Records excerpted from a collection
################
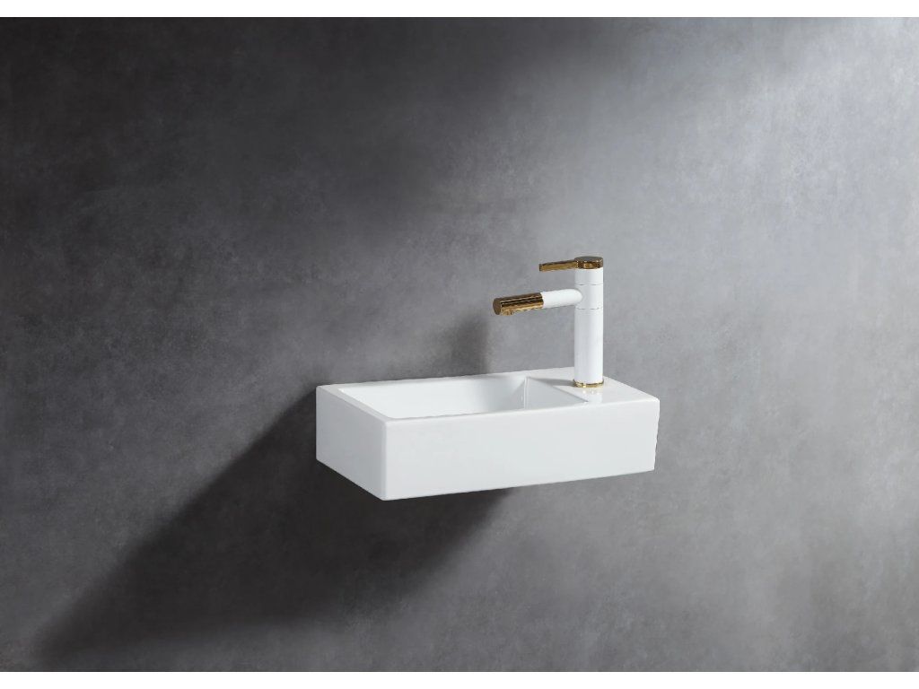 CERANO - Keramické umývátko Roberto, závěsné pravé - bílá lesklá - 37,7x18,5 cm
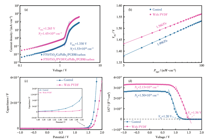图 7 FTO/TiO2/CsPbBr3/PCBM/carbon和FTO/TiO2/PVDF/CsPbBr3/PCBM/carbon的(a) SCLC曲线; 有无PVDF埋底界面修饰组PSC器件的(b) VOC与Plight的相关性曲线、(c) C-V曲线和(d) M-S曲线
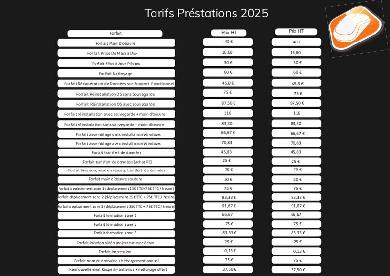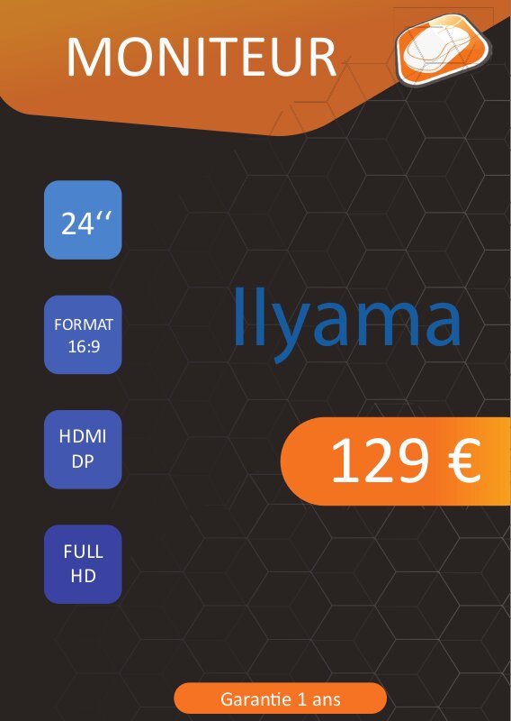 Mon rôle dans cette entreprise est de m'occuper de tout ce qui est la partie graphisme et communication visuel. C'est-à-dire que je vais devoir m'occuper de recommencer leur design de leurs carte de visite mais également leurs panneau d'affichage, leurs étiquettes de prix (au format A6 sur lesquels il y est affiche la marque de l'article, son rôle, la taille, son format, HDMI ou pas, ainsi que la qualité de l'écran), leurs affiches de tarifs sur lesquels ou est affiché leurs tarifs pour tous leurs services client comme par exemple (leurs déplacement pour aller chez leurs client pour une installation, le forfait de main d'oeuvre a distance ou en présentiel, etc...)
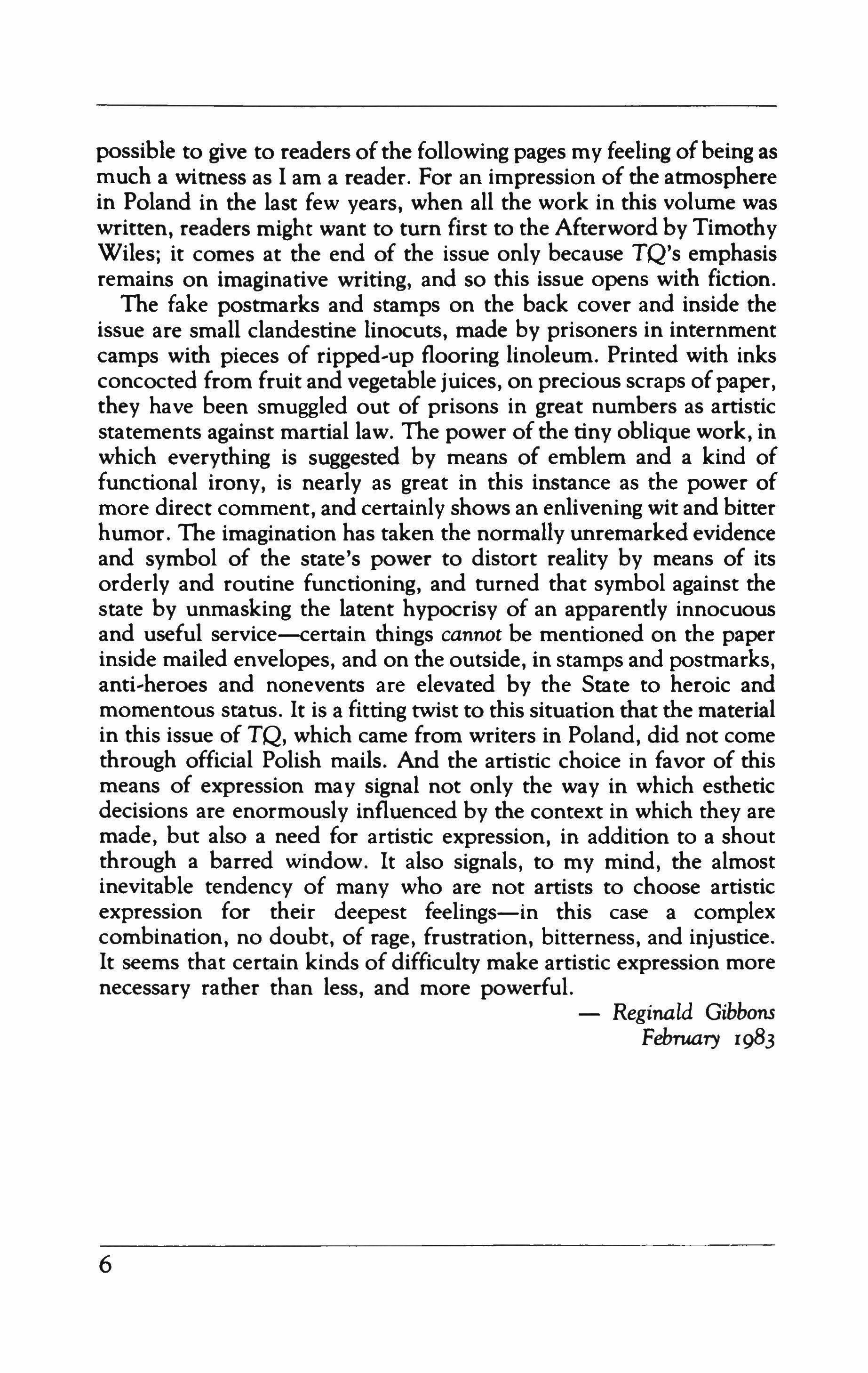 possible to give to readers ofthe following pages my feeling ofbeing as much a witness as I am a reader. For an impression of the atmosphere in Poland in the last few years, when all the work in this volume was written, readers might want to turn first to the Afterword by Timothy Wiles; it comes at the end of the issue only because TQ's emphasis remains on imaginative writing, and so this issue opens with fiction. The fake postmarks and stamps on the back cover and inside the issue are small clandestine linocuts, made by prisoners in internment camps with pieces of ripped-up flooring linoleum. Printed with inks concocted from fruit and vegetable juices, on precious scraps of paper, they have been smuggled out of prisons in great numbers as artistic statements against martial law. The power of the tiny oblique work, in which everything is suggested by means of emblem and a kind of functional irony, is nearly as great in this instance as the power of more direct comment, and certainly shows an enlivening wit and bitter humor. The imagination has taken the normally unremarked evidence and symbol of the state's power to distort reality by means of its orderly and routine functioning, and turned that symbol against the state by unmasking the latent hypocrisy of an apparently innocuous and useful service-certain things cannot be mentioned on the paper inside mailed envelopes, and on the outside, in stamps and postmarks, anti-heroes and nonevents are elevated by the State to heroic and momentous status. It is a fitting twist to this situation that the material in this issue of TQ, which came from writers in Poland, did not come through official Polish mails. And the artistic choice in favor of this means of expression may signal not only the way in which esthetic decisions are enormously influenced by the context in which they are made, but also a need for artistic expression, in addition to a shout through a barred window. It also signals, to my mind, the almost inevitable tendency of many who are not artists to choose artistic expression for their deepest feelings-in this case a complex combination, no doubt, of rage, frustration, bitterness, and injustice. It seems that certain kinds of difficulty make artistic expression more necessary rather than less, and more powerful.
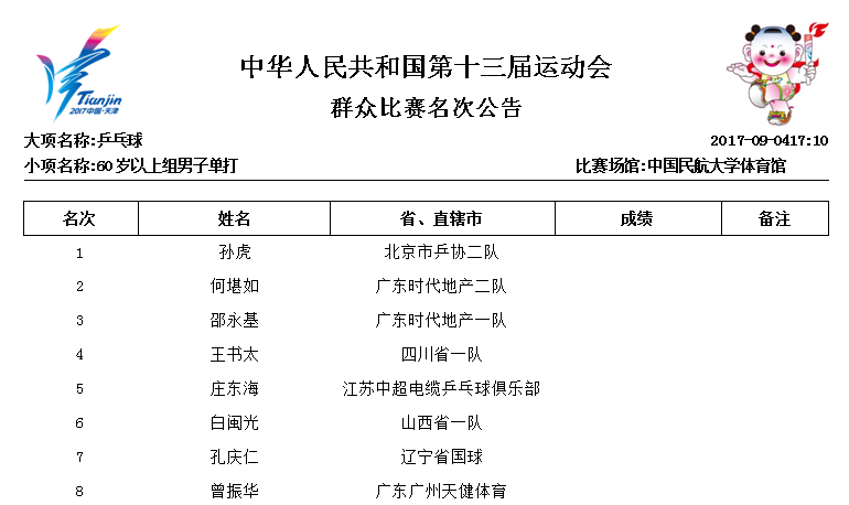 第十三届全运会群众比赛乒乓球60岁以上组男子单打名次公告
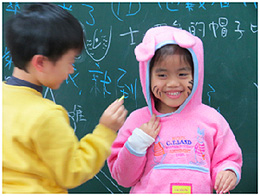 在有語桐的兔子妝經驗後,我們想另外做化妝的挑戰,於是我們開始分組來當化妝師和被化妝的模特兒。最後大家畫上了癮,乾脆每個人都還化妝,瞬間教室變成了化裝舞會一樣,大家都變成了一個個的怪獸,想要回家嚇爸爸媽媽。
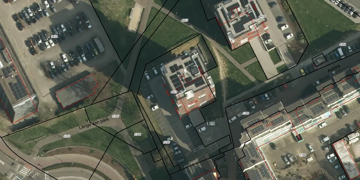 Het perceel waarop Aurora 258 staat heeft een oppervlakte van 2130 m². Dit is een zeer groot perceel. De perceeloppervlakte wordt geregistreerd door het Kadaster. Gedetailleerde informatie over de maten van dit perceel kunt u vinden in het rapport Kadastrale kaart met maatvoering van Aurora 258.
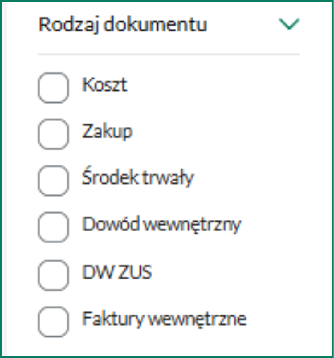 rodzaj dokumentu – pozwala wybrać koszt, zakup, środek trwały, dowód wewnętrzny, DW ZUS lub fakturę wewnętrzną,
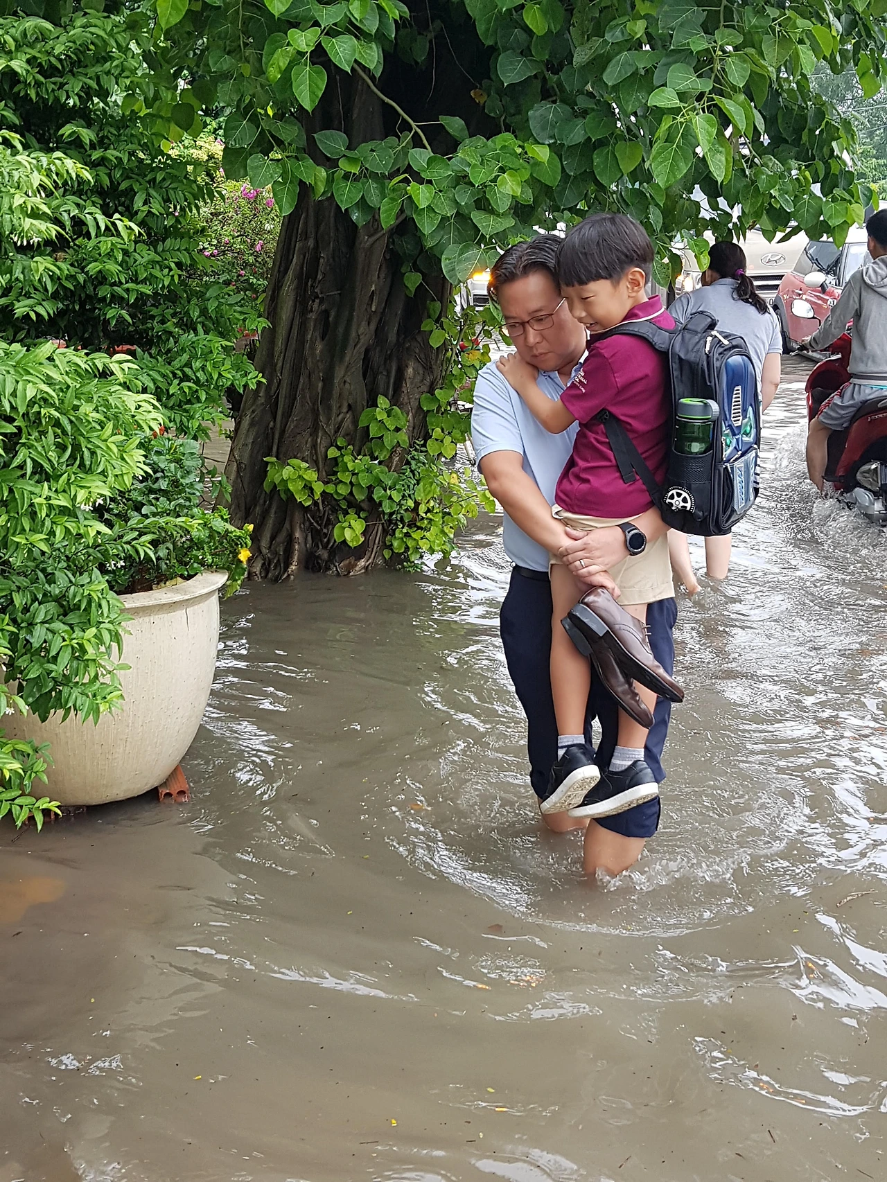 물에 잠긴 꿕흥st. / 아빠는 심각한데 아들은 신난 우기 아침 등교 풍경
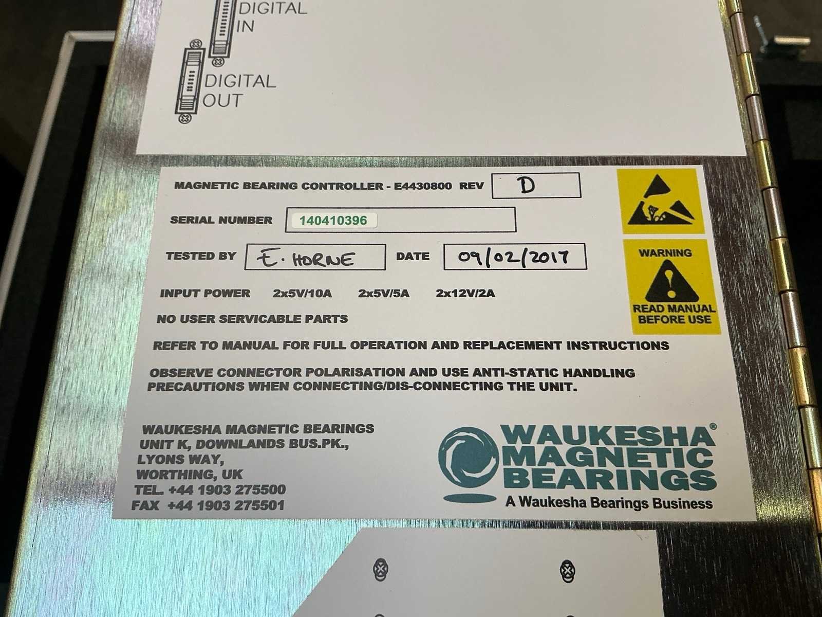 <Br> - Type: Magnetic Bearing Controller. - Model: E4430800 (Rev. D). Merk: Waukesha Magnetic Bearings
################
Directions for this task »
Without the pictures, give again exactly the lines above starting at the line containing "在有語桐的兔子妝經驗後,我們" and ending at the line containing "Het perceel waarop".

Problem solution »
 在有語桐的兔子妝經驗後,我們想另外做化妝的挑戰,於是我們開始分組來當化妝師和被化妝的模特兒。最後大家畫上了癮,乾脆每個人都還化妝,瞬間教室變成了化裝舞會一樣,大家都變成了一個個的怪獸,想要回家嚇爸爸媽媽。
 Het perceel waarop Aurora 258 staat heeft een oppervlakte van 2130 m². Dit is een zeer groot perceel. De perceeloppervlakte wordt geregistreerd door het Kadaster. Gedetailleerde informatie over de maten van dit perceel kunt u vinden in het rapport Kadastrale kaart met maatvoering van Aurora 258.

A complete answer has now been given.